Humans vs Machines: Augmented AI
I recently attended an event in Manchester, organised by BJSS and Microsoft, on the subject of AI and ML. The schedule was jam packed with interesting insights and useful case studies that got my head buzzing. Having had some time to reflect on everything I absorbed on the day, I have realised that we are back into familiar territory with these technologies, which makes available a decade of debate that is directly relevant.
Some time ago I wrote a couple of essays on automation, including test automation. My motivation for writing these was to ground executive excitement over the capabilities of automation and to be clear on the impact test automation would have on their business. As with all new technology, the C-Suite view is skewed by hyperbole… the machines can give us 100% test automation, we don’t need humans any more! This is why I borrowed the Flight of the Conchords song title when I published The Humans are Dead (which became an Amazon Top 25 publication).
AI slots neatly into my automation philosophy. There is a great opportunity to apply what he have learned in other forms of automation, whether that is the production line or software test automation, to AI. In particular, there are tasks that play to the strengths of the machine and tasks that are better suited to humans. Routine work is where machines do a better job. Humans find it hard to maintain focus when forced to perform repetetive tasks, which is why writing 100 lines was a punishment at the school I attended. The strain routine tasks place on a human make the tasks error-prone. Machine, though, love that kind of stuff. Conversely, until we create a machine superintelligence, humans are uniquely positioned to come up with creative innovations in a way machines cannot yet comprehend.
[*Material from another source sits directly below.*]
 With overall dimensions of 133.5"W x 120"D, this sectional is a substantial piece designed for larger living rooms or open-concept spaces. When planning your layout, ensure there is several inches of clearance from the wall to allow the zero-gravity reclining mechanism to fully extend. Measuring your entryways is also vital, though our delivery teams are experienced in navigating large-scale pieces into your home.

In terms of AI in particular, this gives us a great opportunity to leverage these human and machine strengths in an Augmented Intelligence. Think of it like this… the machine grinds its way through millions of boring tasks and highlights anomalies to a human. The human works out what to do with the anomalies.
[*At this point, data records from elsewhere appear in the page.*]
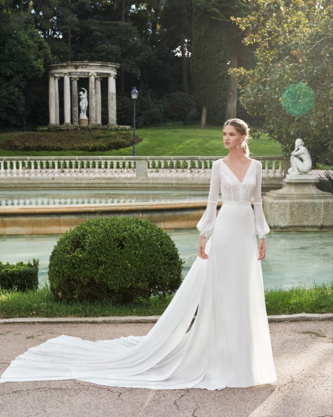 Abito da sposa di taglio dritto in georgette elastico e pizzo.
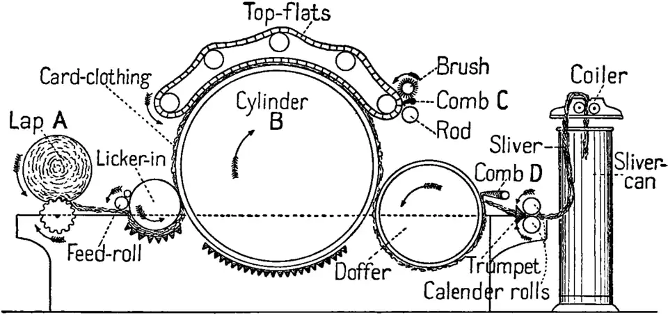 During the nineteenth century many important improvements were made in the details of the construction of spinning machinery, but the general principles are those worked out a hundred years ago. The greatest improvements have been changes in the construction of spindles, allowing them to revolve more rapidly and freely. In the modern factory spinning is the final process in a series of operations necessary to convert the raw fibre into thread. Each of these processes has for its object the removal of smaller and smaller impurities and the production of a finer and stronger thread. These are: (1) opening and picking; (2) carding and combing; (3) drawing; (4) roving; (5) spinning. Other intermediate operations may be introduced.
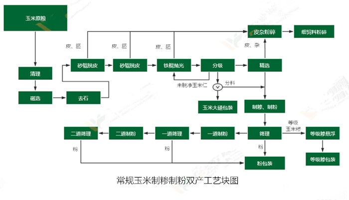 ①精糝:物料破碎成糝,把硬度較小胚乳(白點)打細成粉;
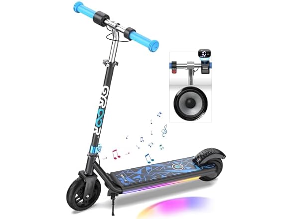 - Enjoy Music: Designed for kids ages 6-14, this electric scooter is equipped with flashy lights on the panel. It also features a built-in Bluetooth speaker on the bottom of the panel, allowing you to connect your phone and play music. Enjoy your rides on this top-rated electric scooter for kids while immersing yourself in your favorite tunes.
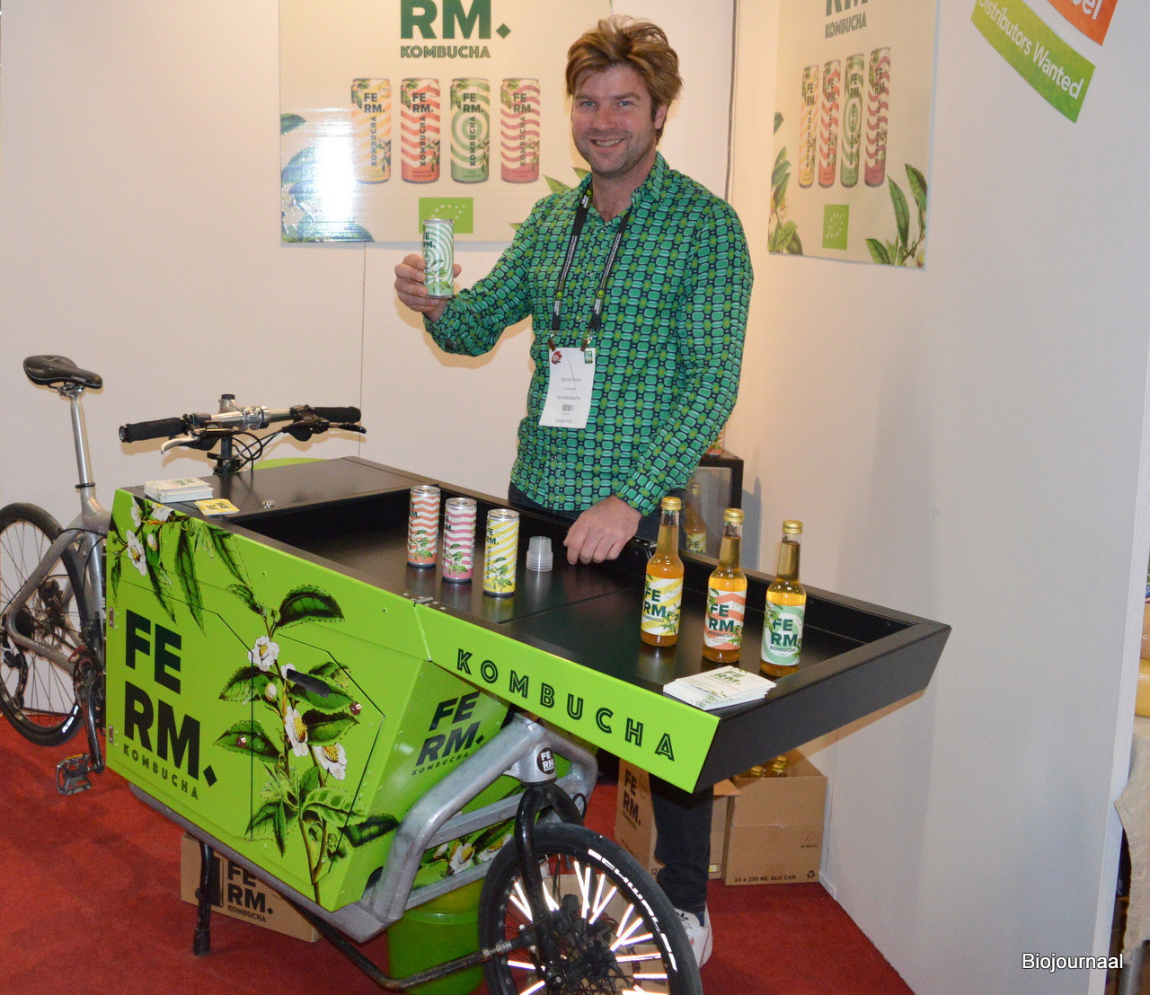 Pascal Déotte van FERM kombucha. Bieden de eerste kombucha in blik aan, dat niet gekoeld hoeft te worden.
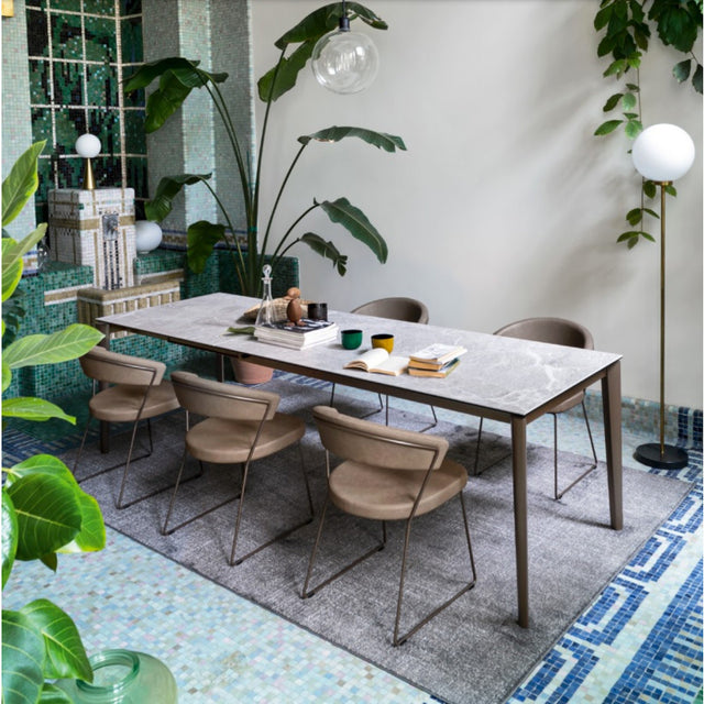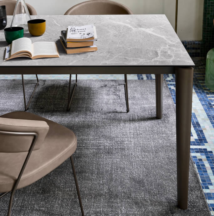 Con le sue linee a sezione arrotondata in metallo verniciato e la varietà di scelta per il piano, questo tavolo si adatta perfettamente a diverse esigenze di spazio e stile, offrendo un'esperienza di dining confortevole e di classe. Piano disponibile in ceramica con allunghe in legno nobilitato o interamente in legno nobilitato, struttura disponibile in diversi metalli.
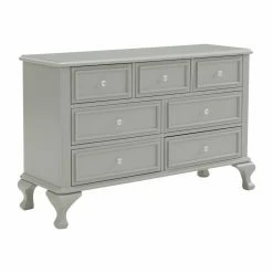 Grace your daughter’s bedroom with plenty of storage and timeless style by adding the Picket House Furnishings Jenna Dresser and Mirror Combo. Premium woods and gumtree veneers are bathed in a choice of soft finish and accented by crystal-like knob hardware. The dresser features three smaller and four larger drawers, all with premium wood glides and both French and English dovetail construction. Choose from the available configuration options.
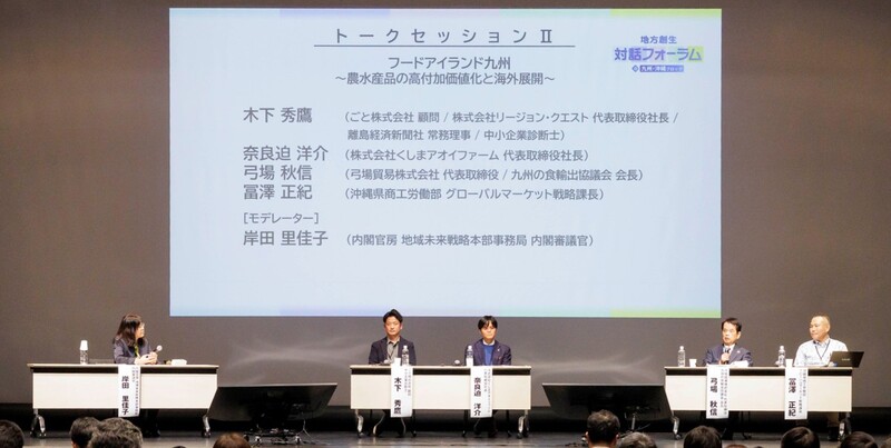 トークセッションでは、「新生シリコンアイランド九州~広域リージョン連携による産業クラスター形成~」及び 「フードアイランド九州~農水産品の高付加価値化と海外展開~」をテーマに、九州・沖縄の各県で主体的かつ積極的に地方創生に取り組む皆様から、広域的な戦略的産業クラスターの力強い取組や農水産物を中心とした地場産業の高付加価値化、販路開拓の取組等について幅広くご紹介いただくとともに、地域の持つ活力や伸び代をもとにした強い地方経済の創出などについて議論を深めました。
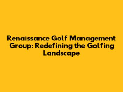 Renaissance Golf Management Group: Elevating Your Golf Experience

The human does less grind, the machine gets to leverage intelligence it doesn’t possess.
If you imagine a Venn diagram showing what humans and machines are good at, it probably intersects a fair bit; so there is stuff in the middle. It will be easy to select tasks at the edges and harder in the middle; but the middle is less important.
So, just as we found in testing that “following defined steps and ticking off an expected outcome” is great machine space and “thinking creatively to explore limitations” is great human space, so we will find for AI.
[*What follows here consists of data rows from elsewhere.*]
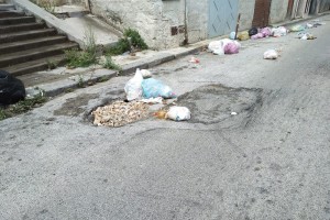 Agosto all’insegna della pioggia, il maltempo continua ad abbattersi su tutta la provincia. Disagi e allagamenti si sono registrati in tutto il territorio. In via Barone Manfredi la pioggia oltre a trascinare via diversi sacchetti di rifiuti depositandoli per strada, ha anche aperto un buco nell’asfalto. Un buco che visto da fuori sembra poca cosa, ma che potrebbe trasformarsi in una vera e propria voragine. La buca è infatti profonda circa un metro e mezzo. L’acqua scorrendo ha praticamente svuotato e portato via la terra sotto l’asfalto. L’assessore Giuseppe Cangemi informato della situazione, ha assicurato che gli operai interverranno nel più breve tempo possibile per evitare pericoli agli automobilisti e ai pedoni che transitano in zona.
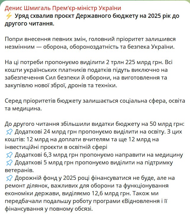 По его словам, приоритет в документе отдан обороне: на эти нужды предлагается выделить 2 трлн 225 млрд гривен. Все средства украинских налогоплательщиков пойдут на обеспечение сил безопасности и обороны, на изготовление и закупку нового оружия, дронов и техники.
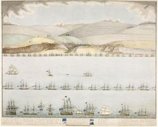 | Keywords: Raid on Boulogne 1804 colour.jpg en Plan and key The Attack on Boulogne Oct 1804 Watercolour showing the situation prior to the British assault on the night of 2 October 1804 In the foreground is the main British squadron with Admiral Lord Keith's flagship the two-decker 'Monarch' 74 guns in the centre and frigates and sloops around it Behind them is a line of smaller British sloops and brigs Behind that to the left a Dutch merchant ship is about to be intercepted Some of the French invasion craft are in a line close to the shore behind an invisible sandbank The town and harbour of Boulogne are behind also filled with invasion craft and with strong shoreline fortifications Napoleon's 'Army of England' are shown encamped in the heights above the town http //www nmm ac uk/collections/nelson/viewRepro cfm reproID PZ6989 picture 1 content The National Maritime Museum E D Lewis 1804 PD-old-100 Naval battles in art |
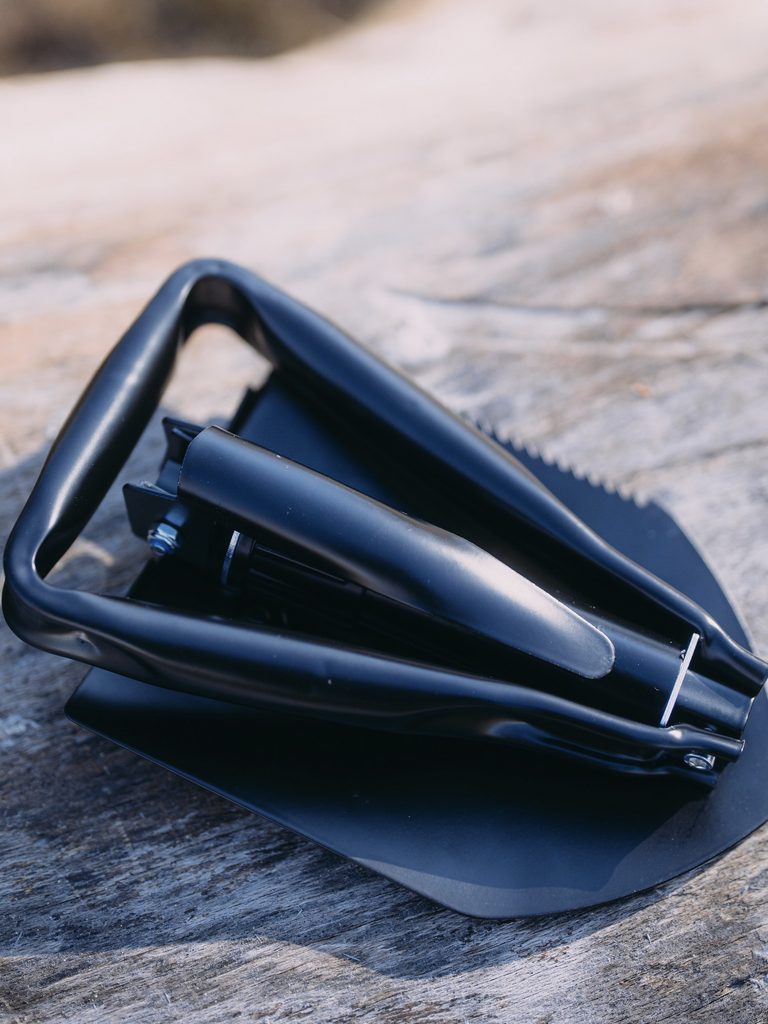 Všestranná skládací lopatka z ocelo-uhlíkové konstrukce se šroubovací hlavicí pro bezpečné uzamčení při používání.
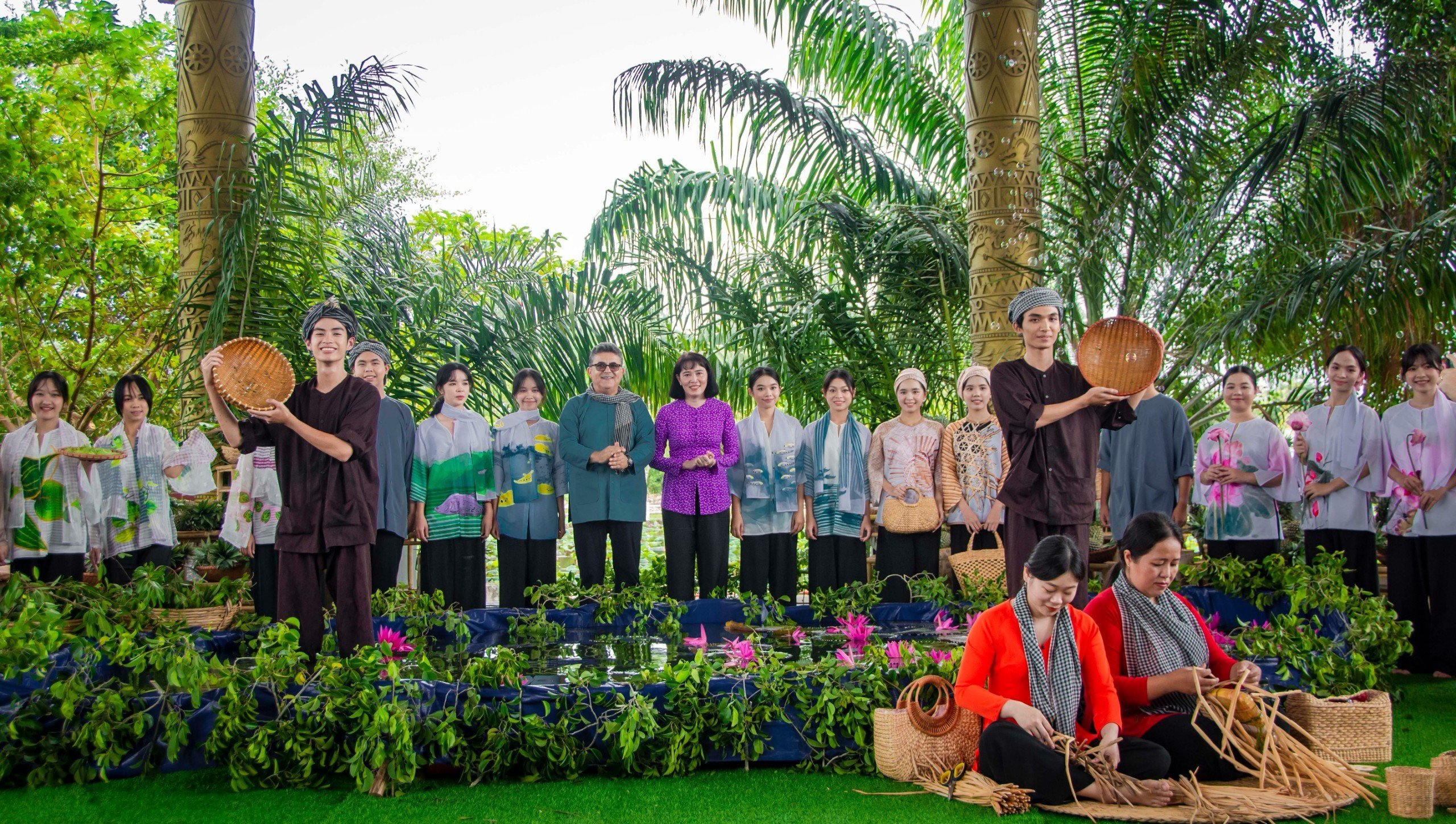 Trong không gian mở và gần gũi, các nhà thiết kế trình diễn bộ sưu tập Áo Bà Ba lấy cảm hứng từ nụ cười, sự cần lao của những tiểu thương chợ Chồm hổm ở phường III, thành phố Vị Thanh; lúa Hậu Giang; trầu Vị Thủy; cá thát lát Hậu Giang, các sản phẩm đan lát từ lục bình, khăn rằn…Tất cả tạo nên điểm nhấn của Hậu Giang.

I’m working through some real numbers from a case study and I can support this opinion with the following comparison of accuracy.
Machine Only: 92%
Human Only: 96%
Augmented Intelligence: 99.5%
As I’m stating in an additional essay for The Humans are Dead:
In other words, when interpreting 1,000,000 samples, the cost of mis-applying humans to routine tasks is 35,000 mistakes and the cost of mis-applying machines to eccentric tasks is 75,000 mistakes.